Exercise description:
The lines to copy are those holding the string "Figure" in the entries below.

[Recorded data Boundary: Start]

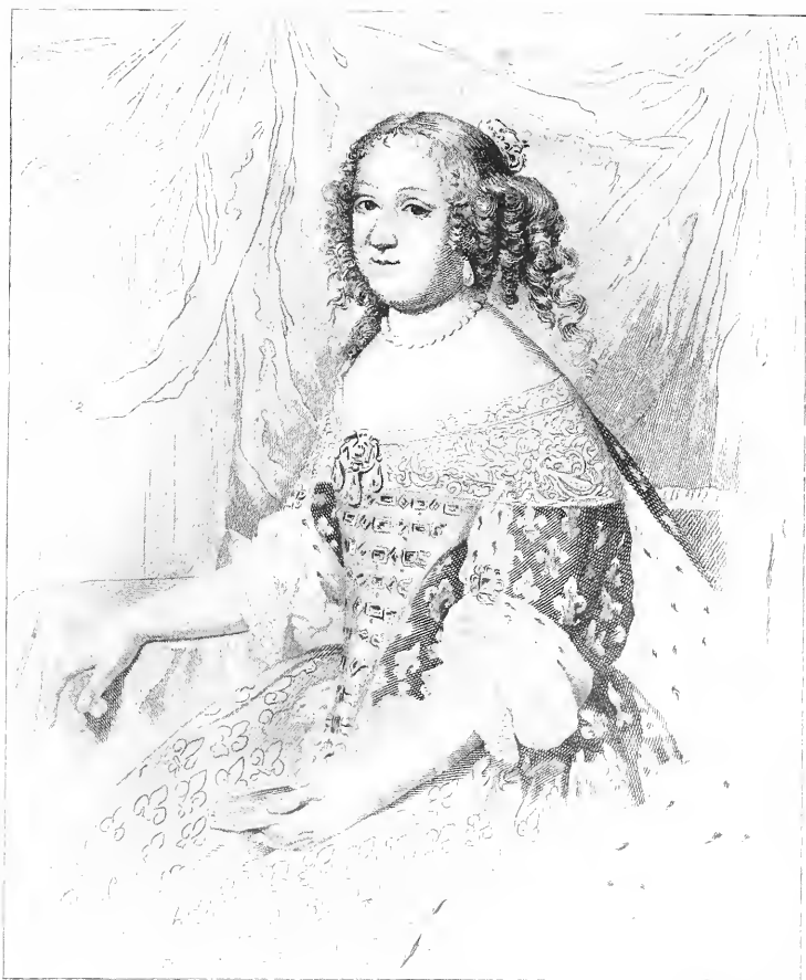
MARIA THERESA From an old copper engraving
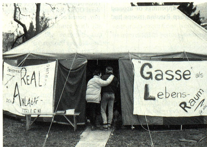
Berne's Kleine Schanze, where a heated tent provides temporary relief from the miserable life of drug addicts
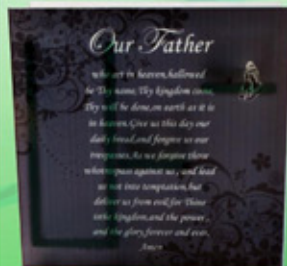
FI6101 Lords Prayer
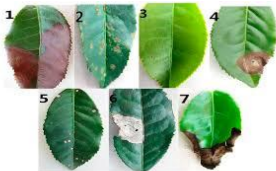
Figure 2: Images of tea leaves having diseases

The discipline of computer vision and machine learning has seen significant breakthroughs recently, and as a result, there is increasing interest in creating automated systems for the identification and categorization of plant diseases. These systems use digital image analysis techniques to identify typical symptoms associated with different diseases by analysing photographs of plant leaves. These systems may learn to identify patterns in the photos and make highly accurate distinctions between healthy and unhealthy plants by utilising machine learning algorithms.
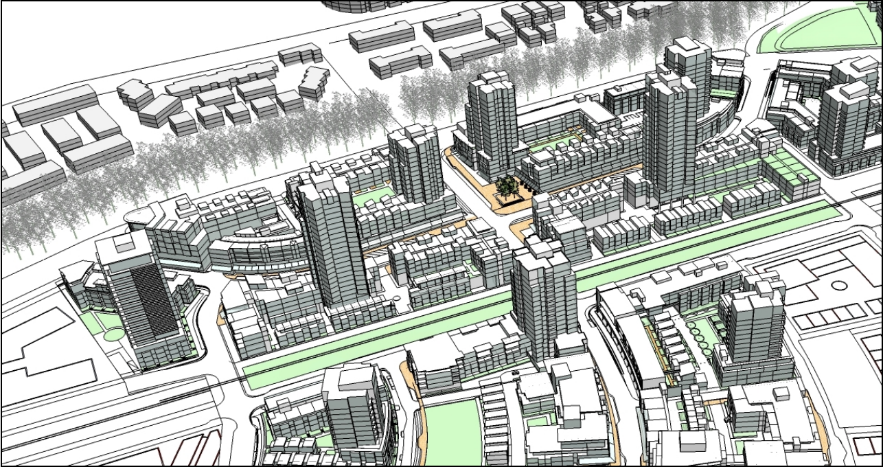
Figure 4: Townsquare Precinct Rendering
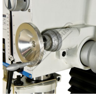
Fine Feed Handle
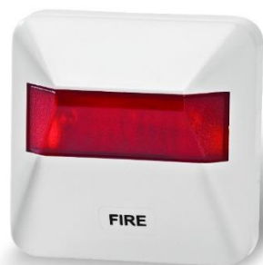
Conventional Remote Indicator
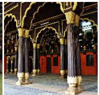
Tippu Sultan Palace
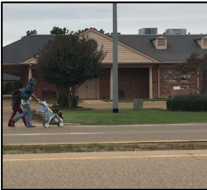
Family with stroller traveling north towards shopping center within project area.
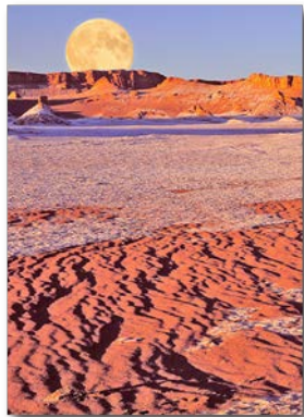
The Atacama Desert is the oldest desert in the world, experiencing arid conditions for the past 150 million years.

Humans have settled 77% of Earth’s surface, so what places are left unexplored? This September, Wilderness Month, we take a look at the world’s wildest places.

[Recorded data Boundary: End]

Exercise output:
Figure 2: Images of tea leaves having diseases
Figure 4: Townsquare Precinct Rendering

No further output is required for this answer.